Not knowing which tax credits and deductions to claim
There are a lot of tax credits, both federal and provincial, so it's understandable that you might not know every credit and education you're eligible to claim.
"A non-refundable credit, you go into the system when you're preparing your tax return and you go ahead and you make the selection to claim it," Ricchio explained.
But you might forget to claim a tax credit on your tax return.
"If you forget to apply for any eligible non-refundable tax credit, the process is super simple to fix it. You can go ahead and log into your My CRA account online and just manually do a T1 adjustment."
Or, you can print that adjustment form and send it through the mail.
"The CRA will take care of it usually within four weeks," Ricchio said.
"Just because you forgot to do something doesn't mean that you don't have the full ability to go back and adjust your prior year returns," she continued. "Nothing that you're actually eligible is ever truly lost."
Also, changes have been made this tax season to some credits and deductions that you should know about before filing.
Claiming home office expenses now has to be done through a detailed method, not the flat rate method.
"People are gonna go looking for that $500 flat rate method and it's not going to be there," Ricchio noted. "If you want to claim your at-home expenses, you need to make sure you have the conversation with your employer so that they sign for you that T2200."
"As long as they sign that for you, you're good to go to use the detailed method and continue to claim expenses that are eligible," she continued.
If you're looking for the Ontario Staycation Tax Credit when filing, you won't find it.
"We had, in 2022, the Ontario staycation credit which you would have claimed on your return last year, but that was not eligible for any Ontario travel in 2023," Ricchio said.
"So, that one's also off the books for this year's tax return."
Not getting your federal benefits
There are quite a few federal benefits and credits that rely on your tax return each year.
"Delaying the filing of your tax return can impact and delay benefit payments from the government," Ricchio said.
That includes the GST/HST credit, the Canada Child Benefit and the climate action incentive payment which is now the Canada Carbon Rebate.
"Those are all tied to your tax return," Ricchio noted. "You delay your tax return, you can delay your payments.

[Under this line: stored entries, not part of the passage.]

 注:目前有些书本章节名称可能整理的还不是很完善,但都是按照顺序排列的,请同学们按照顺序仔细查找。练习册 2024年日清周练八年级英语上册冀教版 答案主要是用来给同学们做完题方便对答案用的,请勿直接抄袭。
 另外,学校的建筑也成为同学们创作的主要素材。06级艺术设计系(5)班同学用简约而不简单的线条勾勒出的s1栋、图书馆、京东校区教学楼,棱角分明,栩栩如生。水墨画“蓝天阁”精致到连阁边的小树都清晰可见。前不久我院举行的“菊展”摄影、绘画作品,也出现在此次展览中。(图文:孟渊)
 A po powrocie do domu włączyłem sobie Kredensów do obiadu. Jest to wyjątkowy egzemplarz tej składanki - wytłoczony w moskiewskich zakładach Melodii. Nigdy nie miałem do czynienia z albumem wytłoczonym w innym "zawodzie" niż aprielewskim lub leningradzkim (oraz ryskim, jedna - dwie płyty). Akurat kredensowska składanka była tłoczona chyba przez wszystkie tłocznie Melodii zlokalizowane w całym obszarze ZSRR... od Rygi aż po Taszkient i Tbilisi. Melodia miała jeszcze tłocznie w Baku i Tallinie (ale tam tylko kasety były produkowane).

You can stop your payments."
Even if you file your 2023 tax return right at the deadline this year, you could still be "in that influx of late," according to Ricchio.
That's because filing opened up on February 19, 2024, so the CRA is already going through tax returns that are coming in.

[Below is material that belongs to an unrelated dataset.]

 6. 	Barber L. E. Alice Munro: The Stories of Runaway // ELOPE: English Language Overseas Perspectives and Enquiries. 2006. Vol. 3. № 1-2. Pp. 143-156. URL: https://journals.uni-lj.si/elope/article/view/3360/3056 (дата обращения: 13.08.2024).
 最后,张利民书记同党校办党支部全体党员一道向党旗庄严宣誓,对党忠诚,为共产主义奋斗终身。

"You get to the end of it, It's just delayed," Ricchio said. "Especially if you're not choosing to NETFILE."
Not knowing tax deadlines
If you're not aware of Canada's tax deadlines, that's a huge mistake with some pretty pricey consequences.
The deadline for filing taxes in 2024 is Tuesday, April 30 if you're employed.
Then, the last day to file taxes in 2024 if you're self-employed is Monday, June 17 since the usual deadline — June 15 — is on the weekend this year.
However, Ricchio noted that if you have any tax owning, the deadline is also April 30 no matter what you're employment situation is.
"That's really, really important and I think that's something that gets often confused," the expert said.
Not knowing the tax filing deadline could cost you a lot of money because you rack up interest on unpaid tax amounts.
"The interest rate is now 10% on your unpaid tax balance," Ricchio revealed. "When you think about that 10% interest and then any other additional penalties, all of these things will add up."
"That just feeds into what makes taxes so overwhelming for people," she continued.
So, "getting our heads wrapped around those deadlines, the impact that they have" is important, according to Ricchio.
This interview has been condensed and edited for clarity.
This article's cover image was used for illustrative purposes only.